Tattoos are, supposedly, permanent. That is, after all, the entire appeal. If you’ve decided that your back piece of Link and Sonic in a passionate embrace was a bad idea, your options aren’t great. Getting your skin blasted with a laser can trigger allergic reactions and scar or discolor the skin. So a Canadian graduate student decided to come up with a better solution: a tattoo removal cream.
Such creams already exist, but they work by, uh, peeling off your skin. Alec Falkenham’s cream, on the other hand, removes them by attacking them at the source.
Here’s how tattoos work: As the ink is injected into your skin, your body’s immune system attacks it with macrophages, little Pac-Man-like creatures that eat things that aren’t supposed to be in your body and then go to the lymph nodes to be flushed. Some of them eat too much ink, though, and get stranded in your skin, forming your tattoo.

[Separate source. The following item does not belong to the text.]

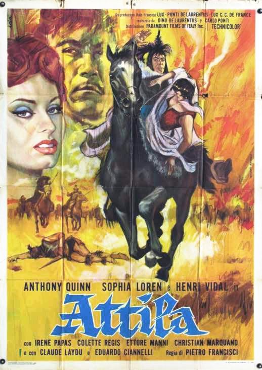 Bozzetto originale realizzato da Iaia per la locandina ufficiale del film "Attila" diretto da Pietro Francisci con Anthony Quinn e Sophia Loren nel 1954. Pieghe e strappi ai margini. Firmato.

Falkenham’s cream just starts the process all over again. It brings in new macrophages to eat those ink-filled little guys and flush it down the lymph nodes. The tattoo just fades away until it was never there. Best of all, it’s cheap. Falkenham’s got treatment down to $4.50 per application over a 4″ by 4″ square of skin.
Falkenham’s currently working on patenting the technique, but with more and more terrible tattoos, you’ll see this on drugstore shelves sooner rather than later. In the meantime, Falkenham can focus on his doctoral project, which uses the same basic technique to keep scar tissue from building up in the heart. Perhaps we can use some of that tattoo removal money to give him a better lab for that one? That seems like something we want to fast-track.